• **DATASET SECTION**:

# # # #

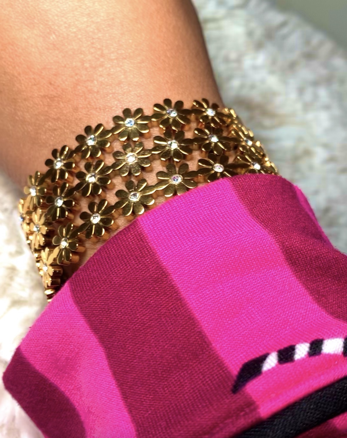 Add a touch of sunshine to your stack with our Daisy Dreams Bangle. This delicate yet eye-catching piece features charming daisy details that bloom with every flick of the wrist. Whether you’re dressing up or keeping it casual, this gold-plated bangle is perfect.
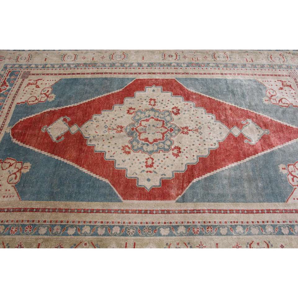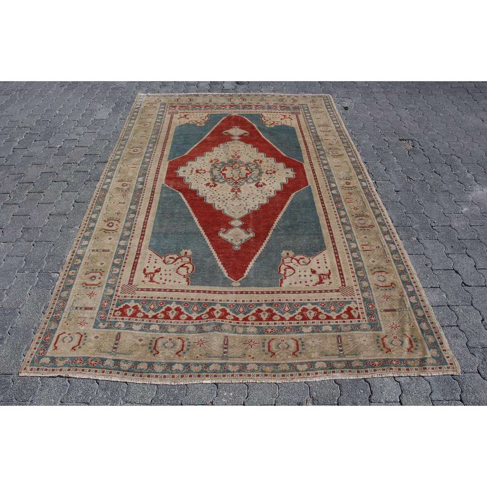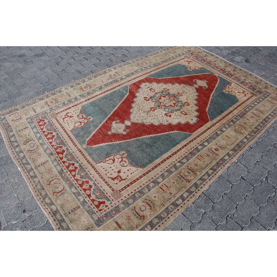 Alfombra Turca de 5.4x8.4 pies, Alfombra Vintage Grande, Alfombra Azul Camuflaje
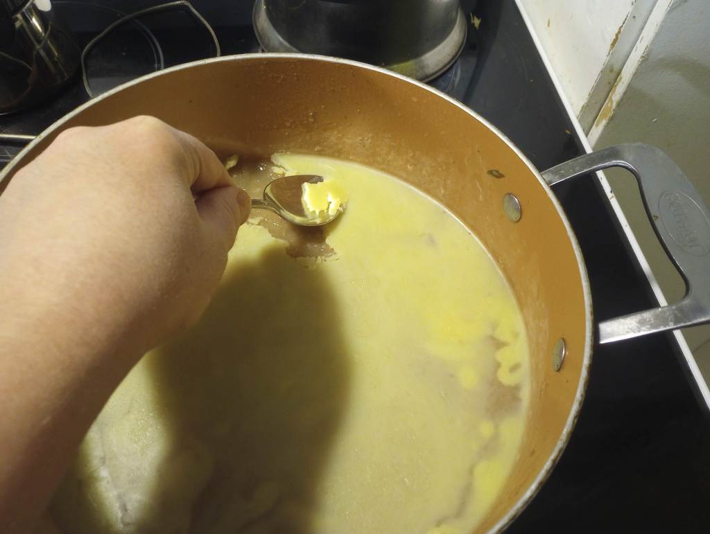 While the soup was heating up, I made the dumplings. Mr. Food It Yourself and I like Alton Brown’s recipe. The recipe in the link includes an alternate method for making the broth. If you are short on time but have a pressure cooker it does make a good broth. The choux pastry method for dumplings looks a little intimidating on paper, but in practice it is straightforward. I could not take too many pictures of the dumpling production, as most steps involved a lot of movement and/or the use of both hands.

# # # #

• **TRY IT**: Give back the material word for word, leaving out its pictures.

• **RESULT OF THE EXERCISE**:
 Add a touch of sunshine to your stack with our Daisy Dreams Bangle. This delicate yet eye-catching piece features charming daisy details that bloom with every flick of the wrist. Whether you’re dressing up or keeping it casual, this gold-plated bangle is perfect.
 Alfombra Turca de 5.4x8.4 pies, Alfombra Vintage Grande, Alfombra Azul Camuflaje
 While the soup was heating up, I made the dumplings. Mr. Food It Yourself and I like Alton Brown’s recipe. The recipe in the link includes an alternate method for making the broth. If you are short on time but have a pressure cooker it does make a good broth. The choux pastry method for dumplings looks a little intimidating on paper, but in practice it is straightforward. I could not take too many pictures of the dumpling production, as most steps involved a lot of movement and/or the use of both hands.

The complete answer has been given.